Each Cabinet-level department gets its own chapter. The Forest Service, a lowly agency in the Agriculture Department, gets short shrift — little more than a single page titled “Reform Forest Service Wildfire Management.” Driving the need for reform is the complaint that “Wildfires have become a primary vegetation management regime for national forests and grasslands.” Wildfires, by definition, are uncontrolled, yet wildfire is somehow being managed by the Forest Service? The solution is for the Forest Service to “focus on proactive management … that does not depend heavily on burning.”
Proactive management means “thinning trees, removing live fuels and deadwood, and taking other preventive steps … to minimize the consequences of wildfires.” Armed with billions of dollars of wildfire funding from the Biden administration, the Forest Service already spends far more on thinning trees than it does on prescribed fire. Another huge chunk of spending goes to fighting wildfire, not using it as a management technique. Mark Finney is a research forester at the Forest Service Missoula Fire Sciences Lab. As he told us, “The only way to maintain a forest in a low-hazard condition is through repeated burning.” The scale of our forests, hundreds of millions of acres, makes any meaningful level of mechanical thinning impossible.
And those “other preventative steps”? “Increasing timber sales could also play an important role in the effort to change the behavior of wildfire because there would be less biomass.” Increasing timber sales requires ramping up logging to unsustainable rates and eradicating the last remnants of U.S. old-growth forests. Even then, what Project 2025 is promoting as good capitalism — timber sales — requires massive government subsidies. Logging on public lands can no longer pay for itself because all of the large, easily accessible trees have already been cut.
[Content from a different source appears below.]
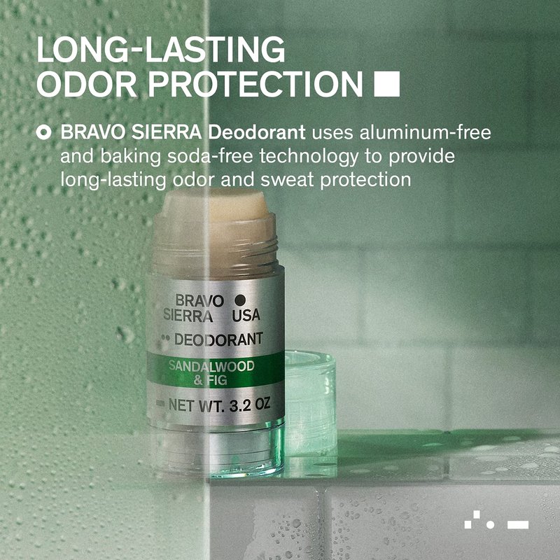 - Long-Lasting Odor Protection: Bravo Sierra Deodorant uses aluminum-free and baking soda-free technology to provide long-lasting odor and sweat protection, even in the most demanding conditions. Sandalwood & Fig has an energizing and vibrant scent with notes of fig, tangerine, amber, and sandalwood.
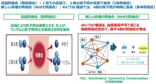 通常の核融合反応は、高温(一億度以上)が必要です。また、これらの反応を実現するため大規模な設備も必要で、設備の価格も高価(数兆円)です。ここで紹介する新しい原理の核融合は1,000℃以下でも反応するため、設備も小型化でき、放射能も検出されないため、環境に優しい未来の新エネルギーであると確信しています。

William Perry Pendley and his cronies in the extractive industries authored the Interior Department chapter in Mandate for Leadership. Pendley has long advocated for selling off public lands but is perhaps best-known for illegally serving as acting director of the Bureau of Land Management for more than a year in the Trump administration. In his “Agency Overview,” Pendley praises Trump for ordering the Interior Department “to comply with federal law.” At last count, the Trump administration lost 79 of 85 legal challenges involving federal agency policy issues — by far the worst rate of any administration in U.S. history — and many of those cases involved unlawful actions affecting public lands.
Pendley laments, “the dire adverse national impact of Biden’s war on fossil fuels,” yet U.S. petroleum production and corporate profits reached record highs during Biden’s presidency. Under this false pretense that Biden policies have hamstrung fossil fuel and mineral extraction, Pendley calls for eliminating public land protections across the nation — the Arctic National Wildlife Refuge in Alaska; the Chaco Cultural Historic National Park in New Mexico; the White River National Forest in Colorado; the Tongass National Forest in Alaska; the Boundary Waters Canoe Area Wilderness in Minnesota; and BLM lands in Alaska, Oregon and California.
With a plan based on abundant falsehoods and paltry science, what could possibly go wrong?